Protection against earth faults — unpacking the technical requirements of RCDs
By Ian Richardson, Building Solutions Manager, Electrification, ABB Australia
Thursday, 26 May, 2022
Residual Current Devices (RCDs) have been used for many years in Australia as the front-line protection for people against the risk of a fatal electric shock. In modern electrical systems we utilise three layers of protection. The first layer is designed to prevent contact with live parts using passive measures like insulation, barriers or enclosures. The standards refer to this as basic protection.

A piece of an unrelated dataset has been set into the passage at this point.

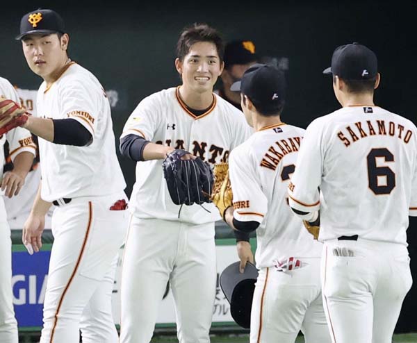 先発した高橋(中央)が424日ぶりの白星を挙げ、巨人のマジックは「9」に(C)共同通信社

Basic protection could be sufficient unless there is a fault in the insulation or equipment, or if the protection has been removed intentionally due to maintenance, etc. Basic protection does not provide a means to automatically disconnect supply in the case of a fault condition.
The second level of protection defined by the standards is fault protection. This can be achieved by a second independent layer of insulation, commonly known as double insulation. In the event of an earth fault, the fault protection can also be achieved by containing the live parts in an earthed metal housing. A fault current could flow from the live parts to the earthed enclosure and then return to the power source. A protective device can automatically disconnect supply in the event of abnormal current flow to earth. The value of the earth current will be dependent upon various impedances in the circuit.
Australian and international standards define the next level of protection as ‘additional protection’. This is used in final sub-circuits to provide automatic disconnection of supply in the case of an earth fault current that could be dangerous to people. The standards define 30 mA as the required protection level for people against faults in these final sub-circuits, as this has been proven to be the current value where irreversible damage to the human heart can occur if exceeded, often leading to death. In high-risk areas a higher sensitivity of 10 mA is required to provide the protection necessary. These areas can include hospital zones where medical equipment is in contact with patients.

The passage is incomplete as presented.